也許是真餓了,她三兩口就吃完了手裏的三明治。


    果醬黏在她的指尖,玉疏桐也不浪費,伸出舌尖舔了舔,小貓似的。


    慕子羨忽地笑了。


    他把手裏還沒動過的三明治送到玉疏桐麵前,問道:“還要嗎?”


    “不用了不用了。”玉疏桐有些不好意思,“子羨哥你吃吧。
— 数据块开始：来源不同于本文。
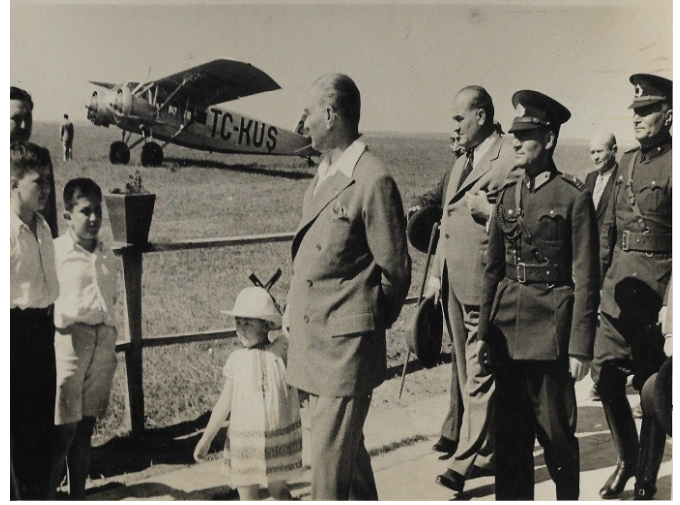
Resim 7: Ülkü ile Florya'da Türk Kuşu ziyaretleri

rol modeli olmuştu. Aynı zamanda affedici, uzlaşıcı bir babaydı. Anzaklı annelerin de ifadesiyle onların da atasıydı (5-7,18-20) .

”


    她拒絕了,慕子羨也不強迫她。


    青年咬著手裏的三明治,他吃得很慢,慢條斯理地,看著就讓人覺得很優雅。


    玉疏桐沒事做,就撐著臉看著窗外。


    房間的窗簾是拉開的,窗外的雨仍是毫無休止地下著。


    也不知道這場雨究竟要下到什麽時候。


    不知怎麽的,看著窗外連綿的雨幕,玉疏桐心裏忽然湧起一種不好的預感。


    這場雨一口氣下了三天三夜。


    直到第三天的時候,天色都是陰沉沉的,雨水不住地往下淌著。


    那些發燒的軍人也沒有一個醒來,非但如此,原來還算健康的幸存者中也開始出現了發燒的人。


    這種現象讓每個人心裏都惶惶的,很是不安。


    終於,在晚上大家一起聚在餐廳吃飯的時候,有人提道:“我們都已經在這裏呆了三天了,是不是該走了?”


    說話的是個男人,小平頭,大概三十多歲,戴著副眼鏡,一身商業精英的打扮。


    對他這個提議,有人蠢蠢欲動,有人無動於衷。


    男人的眼神將四周環顧了一圈,繼續道,“你們看,我們住在旅館裏,雖然是吃好住好的,外麵也有門擋著,但是這就好比養在羊圈裏的羔羊,外麵的怪物會被我們吸引過來,一天比一天多,要是有一天,大門被那些怪物闖進來了,我們就是真的生不如死了。”


    男人的聲音很有磁性,當他把這段話娓娓道來時極具煽動力,讓人不由自主地就隨著他的話幻想到了他所說的一切,忍不住就打了個寒戰。


    “那、那我們怎麽辦!”有女人小聲地啜泣了起來,“那些當兵的都病了,就我們這些人怎麽走?還不是一樣被那些怪物吃掉。”


    “我們可以問那些軍人借些槍啊。他們不是軍人嘛,那保護我們是理所應當的,何況我們就是問他們要幾把槍而已。”男人的眼中閃過野心和狂熱,“等我們拿到槍,我們就可以自己走了,讓那群沒發燒的軍人留下來保護發燒的軍人好了,我們還替他們省了事。”


    玉疏桐光是聽著,都覺得自己從未遇見過如此厚顏無恥之人。


    這話說的這麽好聽,這些軍人是你誰啊,憑什麽你說讓他們給槍,他們就得給?


    還讓沒發燒的軍人留下來照顧發燒的,這根本就是打著要拋棄他們的主意吧。


    然而還真的有人同意了男人的提議。


    一個穿著白t-shirt的中年男人最先站起來,還拉著坐在他旁邊的女人,說道:“行!我們跟著你走!”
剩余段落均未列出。